Content starts

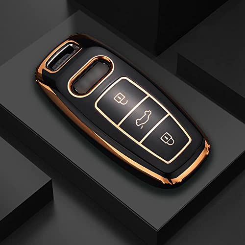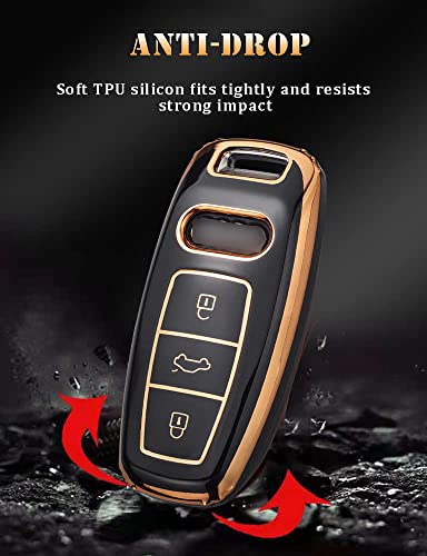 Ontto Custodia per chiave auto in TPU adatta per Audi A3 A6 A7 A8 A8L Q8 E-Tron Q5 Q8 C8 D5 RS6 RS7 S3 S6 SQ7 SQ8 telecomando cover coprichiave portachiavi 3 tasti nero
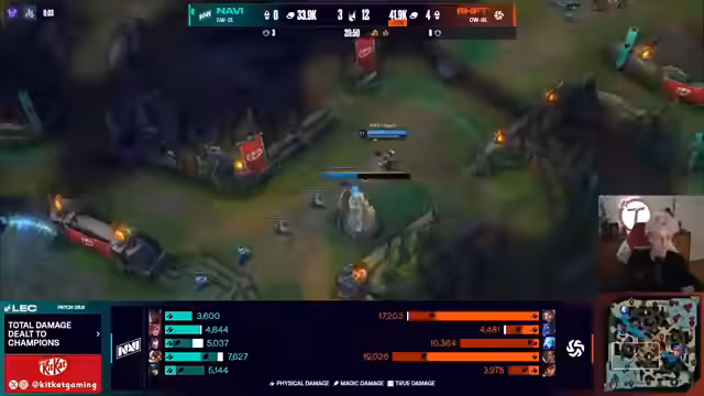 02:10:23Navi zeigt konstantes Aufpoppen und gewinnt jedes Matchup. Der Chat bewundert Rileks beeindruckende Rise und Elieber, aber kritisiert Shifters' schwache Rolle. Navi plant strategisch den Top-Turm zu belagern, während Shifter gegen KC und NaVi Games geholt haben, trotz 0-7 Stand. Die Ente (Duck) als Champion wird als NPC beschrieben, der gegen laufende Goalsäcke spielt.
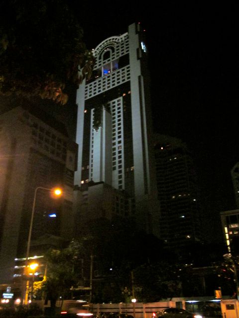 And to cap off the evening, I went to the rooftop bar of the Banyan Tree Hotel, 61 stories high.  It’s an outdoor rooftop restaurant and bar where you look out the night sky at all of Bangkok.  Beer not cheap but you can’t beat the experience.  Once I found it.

Content ends
Content starts

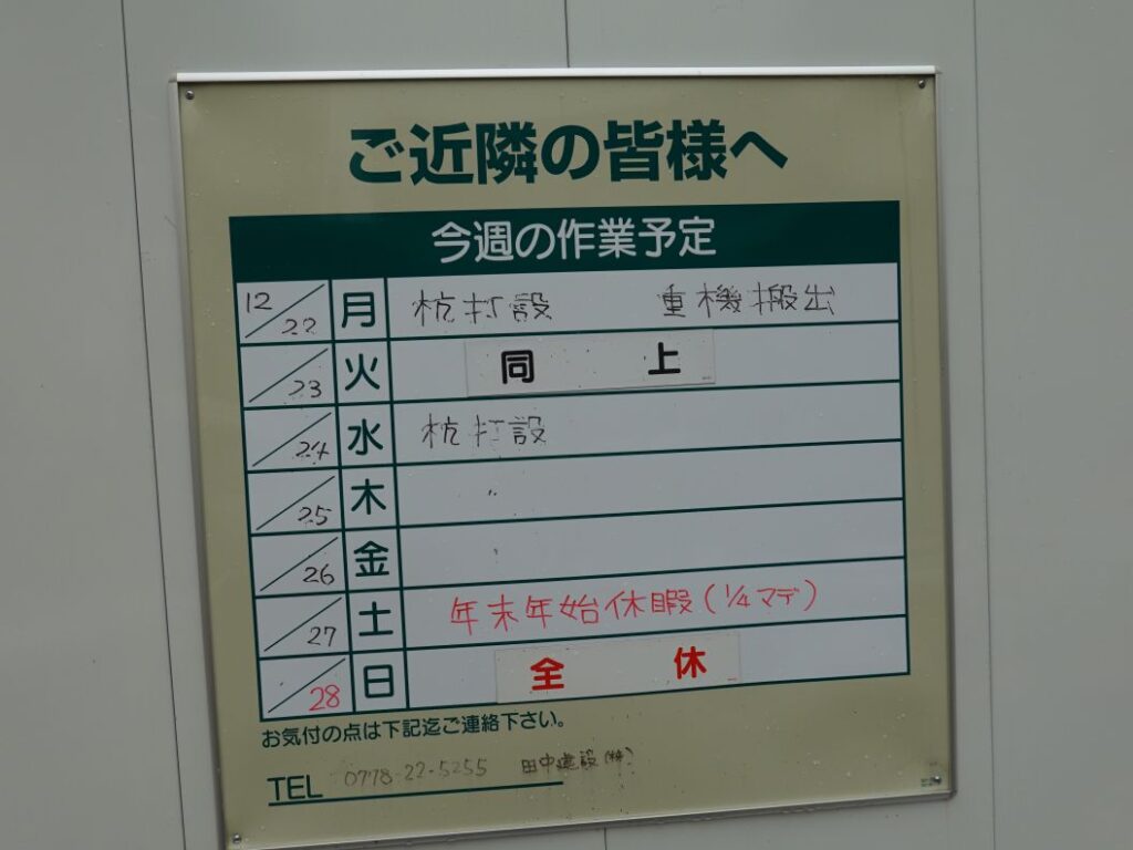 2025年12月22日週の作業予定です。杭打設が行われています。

Content ends
Content starts

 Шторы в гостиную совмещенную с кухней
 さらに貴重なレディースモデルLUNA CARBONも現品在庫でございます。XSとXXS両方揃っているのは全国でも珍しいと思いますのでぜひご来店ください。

Content ends

## EXERCISE AIM
Among the entries above, copy exactly only the lines starting with the one containing "Шторы в гостиную совмещенную с кухней" and going through the one containing "さらに貴重なレディースモデル", both ends included.

## TASK OUTPUT
 Шторы в гостиную совмещенную с кухней
 さらに貴重なレディースモデルLUNA CARBONも現品在庫でございます。XSとXXS両方揃っているのは全国でも珍しいと思いますのでぜひご来店ください。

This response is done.